Editor's Note: Numerous instances of plagiarism have been discovered in Dan Kimber’s “Education Matters” column, which ran in the News- Press from September 2003 to September 2011. In those columns where plagiarism has been found, a For the Record specifying the details will be appended to the piece.
Mike Antonovich was the lone dissenting voice on the Los Angeles County Board of Supervisors in voting to ban plastic shopping bags in all markets and convenience stores in unincorporated areas. He defended his position by stating that it is not "sound public policy" and that it was not the "appropriate time to clean up our environment" or "impose regulations on business."
I honestly don't know where to begin to express my disdain for this elected official. He's been around for a number of years, has represented his constituents well in matters of overdevelopment in our area, but falls flat on his face in this one. Let me try to address some of the supervisor's concerns.
He says it's not the time to be thinking of cleaning up the environment because our economy is bad. I find that an interesting set of priorities for one we look to for leadership. That exalted title has more to it than seeing to the short term comfort of the voting population. It should include, it must include, decisions based on the welfare of unborn generations, and if that involves urging "sacrifice" for us all now, then so be it. Anything less than that is a dereliction of duty. Just where is Mr. Antonovich coming from on this one?
I've got to believe that the plastics industry has ample weight to throw around in its continuing campaign to absolve itself of any liability whatsoever from the harm that its products cause. I know enough about the political process in this country to be just a little wary whenever a politician sides with a major industry that has come under public scrutiny, or, heaven forbid, government regulation.
But there is another industry, more powerful by far than plastics that enters into this picture. The enormous demand for plastic bags ties into the surging global demand for oil — plastic bags are made from ethylene, a petroleum byproduct.
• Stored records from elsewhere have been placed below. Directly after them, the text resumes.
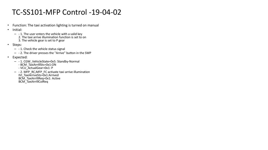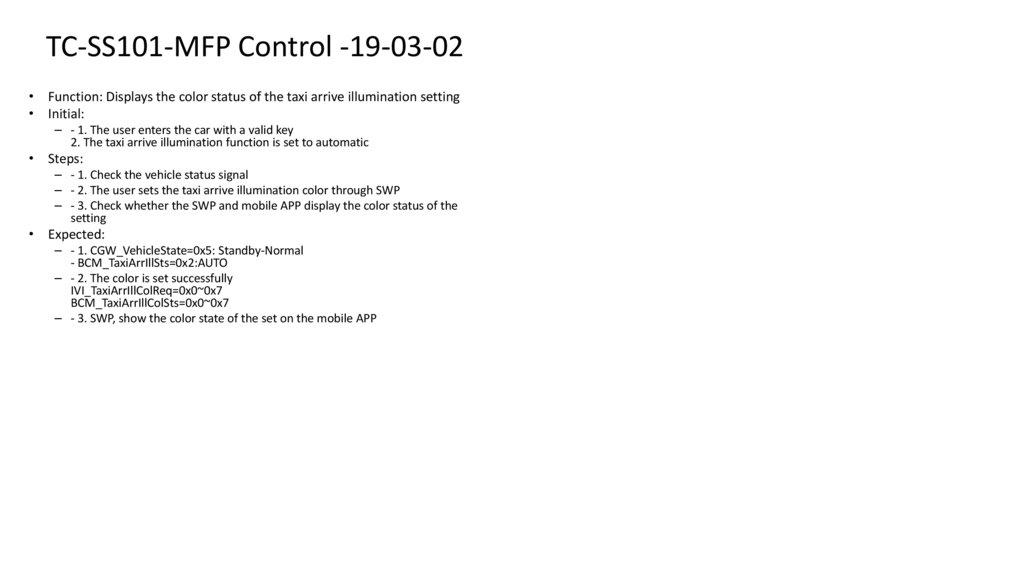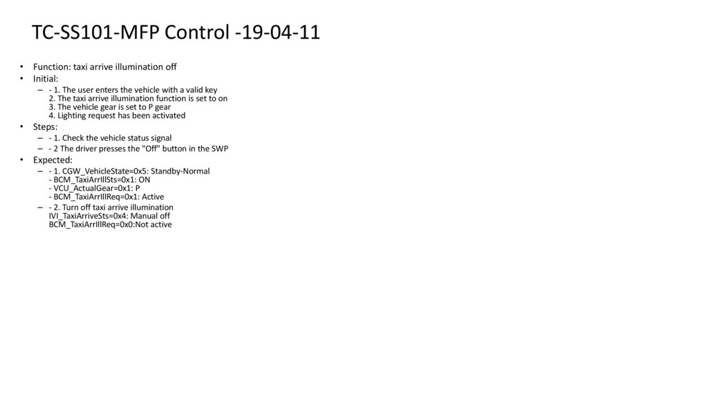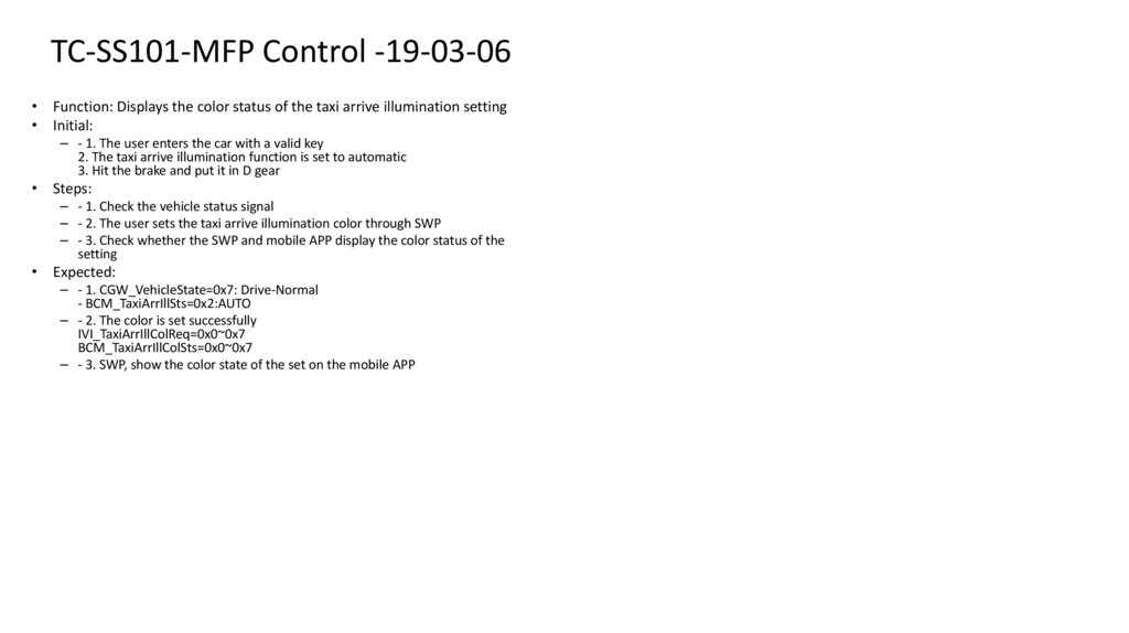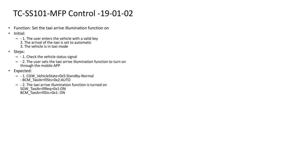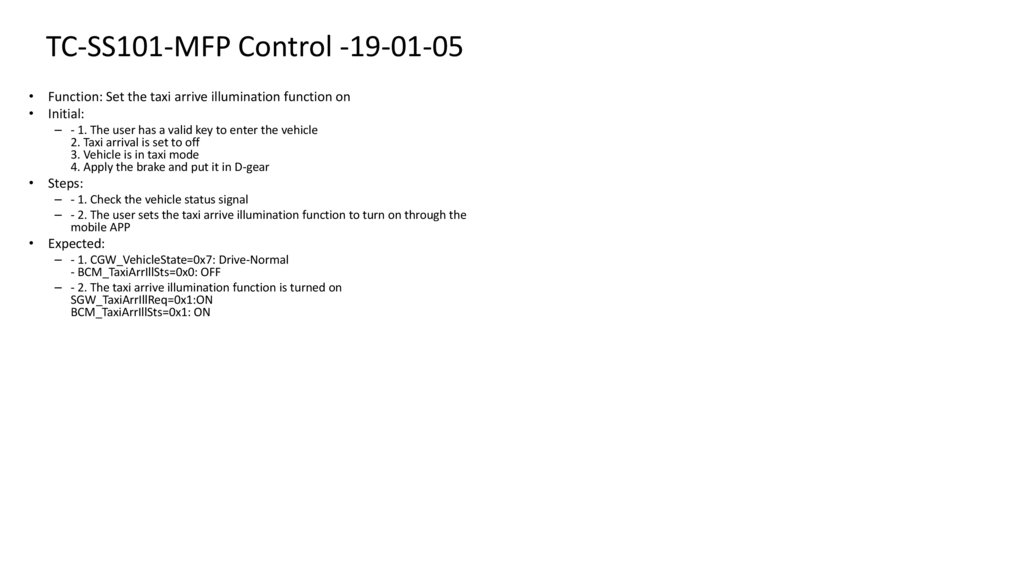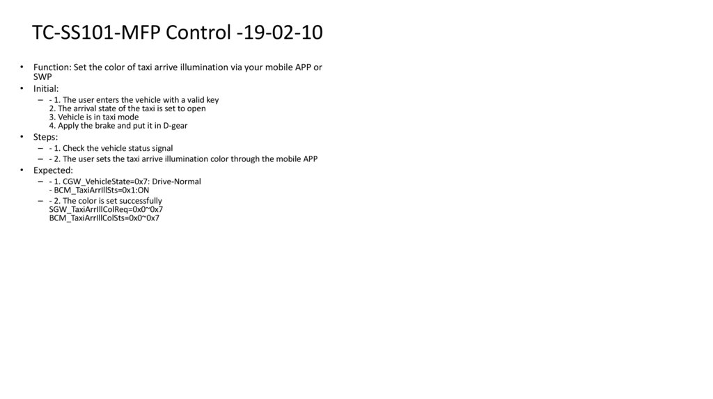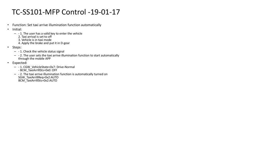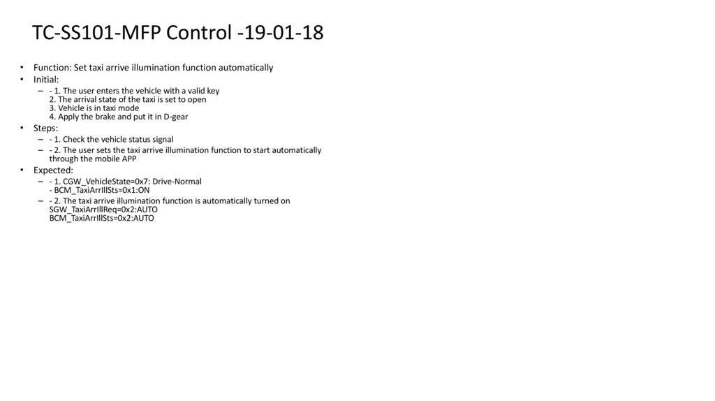 – - 3. MFP_RC,MFP_FC execute activate taxi arrive illumination
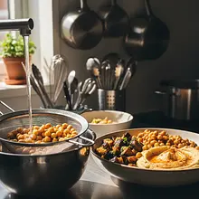 Cooking quinoa and preparing hummus
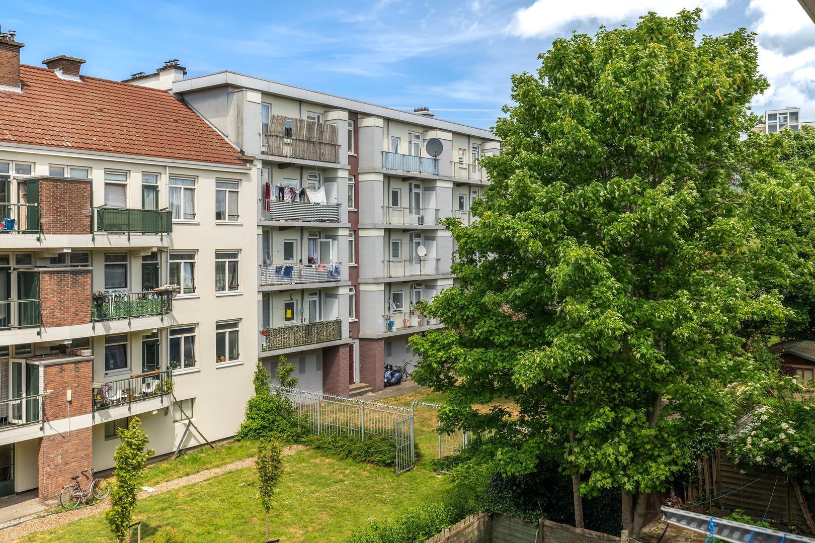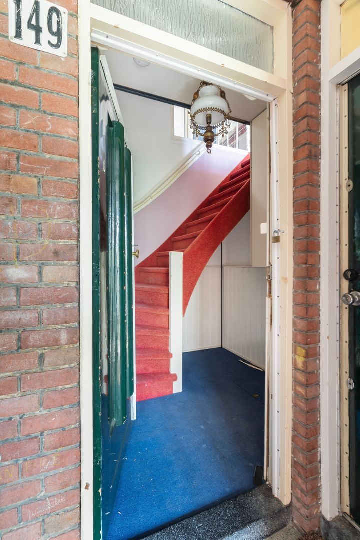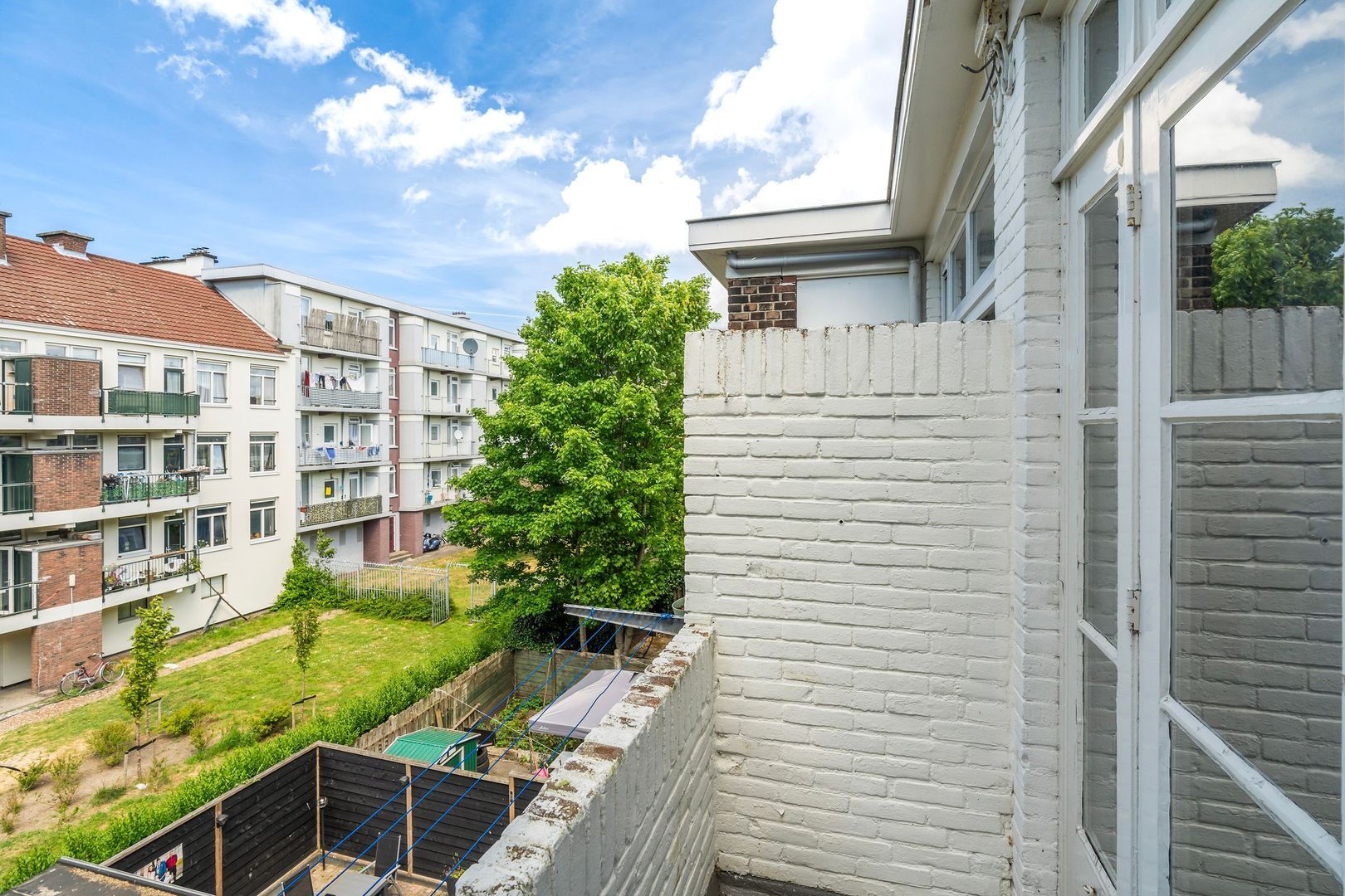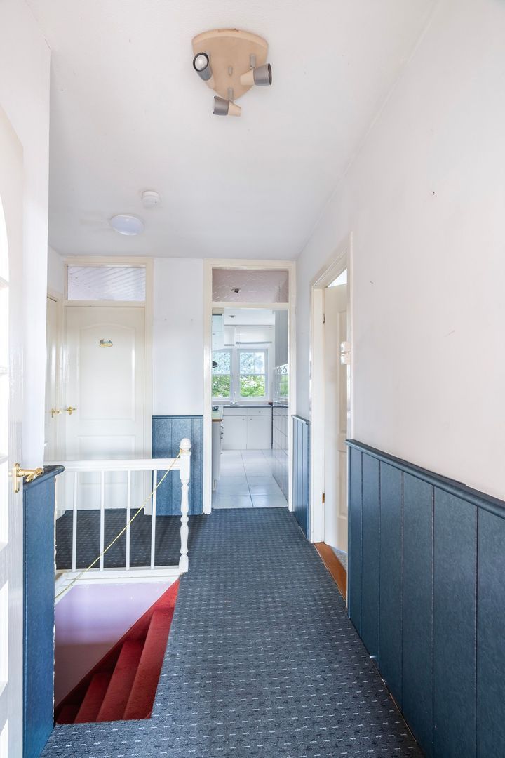 Woningentree via open portiek; hal met meterkast en binnentrap naar de overloop; royale doorgebroken woonkamer; degelijke keuken met gaskookplaat, afzuigkap, oven en toegang tot het balkon; slaapkamer aan de achterzijde met toegang tot het balkon; eenvoudig is een 2e slaapkamer te realiseren in de woonkamer middels een tussenmuur; ruime badkamer met douchecabine, ligbad en wastafelmeubel; via de bergruimte boven de trap is de vrij in te delen zolderetage van 37m² bereikbaar;

In the United States alone, an estimated 12 million barrels of oil are used annually to make plastic bags that Americans consume.
That is not to suggest that our supervisor has been unduly influenced by established, vested interests — he may indeed be thinking of (or fixated on) lost jobs — but how in the world does he square his vote with the following?
Plastic bags have become a major component of our landfills. They flap from trees. They float in the breeze. They clog roadside drains. They drift on the high seas. They fill sea turtle bellies. They take months to hundreds of years to break down. And as they decompose, tiny toxic bits seep into soils, lakes, rivers and the oceans.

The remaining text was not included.